_DATASET CONTENT_
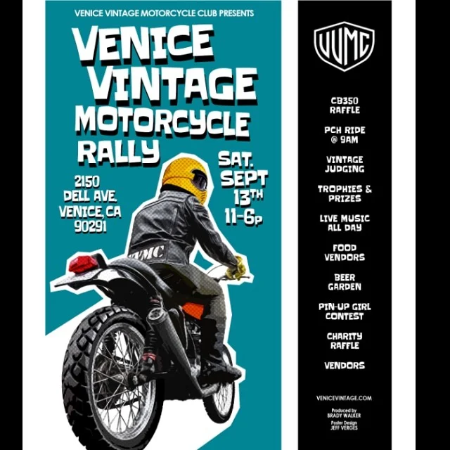 Venice Vintage Motorcycle Rally Saturday, September 13, 2014 11:00 AM 6:00 PM 11:00 18:00 VVMC Motorcycle Rally 2150 Dell Ave Venice, CA, 90291 United States (map) Google Calendar ICS
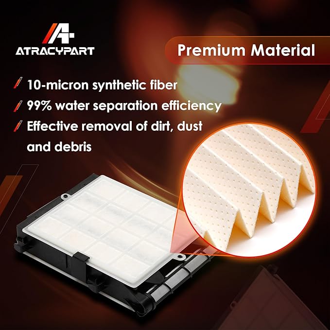 - 【Superior Filtration Efficiency】Featuring 10-micron synthetic fiber and 99% water separation efficiency. our diesel filters remove dirt, dust, and debris effectively. This top-tier filtration prevents engine damage and extends engine life, reducing the need for costly repairs and maintaining optimal engine performance.
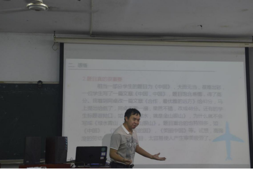 下午,刘健华老师以《典论·论文》中的“文章经国之大业,不朽之盛事”一句为头,开始了第二堂示范课讲解。刘健华老师借今年参与高考作文阅卷的经验,以清晰的思路,给同学们细细讲解了怎样阅好文章、怎样写好文章,对同学们之后的写作带来了很大的影响。
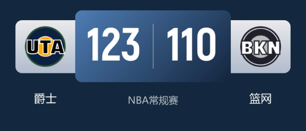 NBA战报:爵士123-110逆转篮网豪取2连胜末节42-20狂暴翻盘马尔卡宁30+8乔治29+10主导

_WHAT IS BEING ASKED_
Copy out the listing above in full and keep the pictures out.

_SOLUTION BELOW_
 Venice Vintage Motorcycle Rally Saturday, September 13, 2014 11:00 AM 6:00 PM 11:00 18:00 VVMC Motorcycle Rally 2150 Dell Ave Venice, CA, 90291 United States (map) Google Calendar ICS
 - 【Superior Filtration Efficiency】Featuring 10-micron synthetic fiber and 99% water separation efficiency. our diesel filters remove dirt, dust, and debris effectively. This top-tier filtration prevents engine damage and extends engine life, reducing the need for costly repairs and maintaining optimal engine performance.
 下午,刘健华老师以《典论·论文》中的“文章经国之大业,不朽之盛事”一句为头,开始了第二堂示范课讲解。刘健华老师借今年参与高考作文阅卷的经验,以清晰的思路,给同学们细细讲解了怎样阅好文章、怎样写好文章,对同学们之后的写作带来了很大的影响。
 NBA战报:爵士123-110逆转篮网豪取2连胜末节42-20狂暴翻盘马尔卡宁30+8乔治29+10主导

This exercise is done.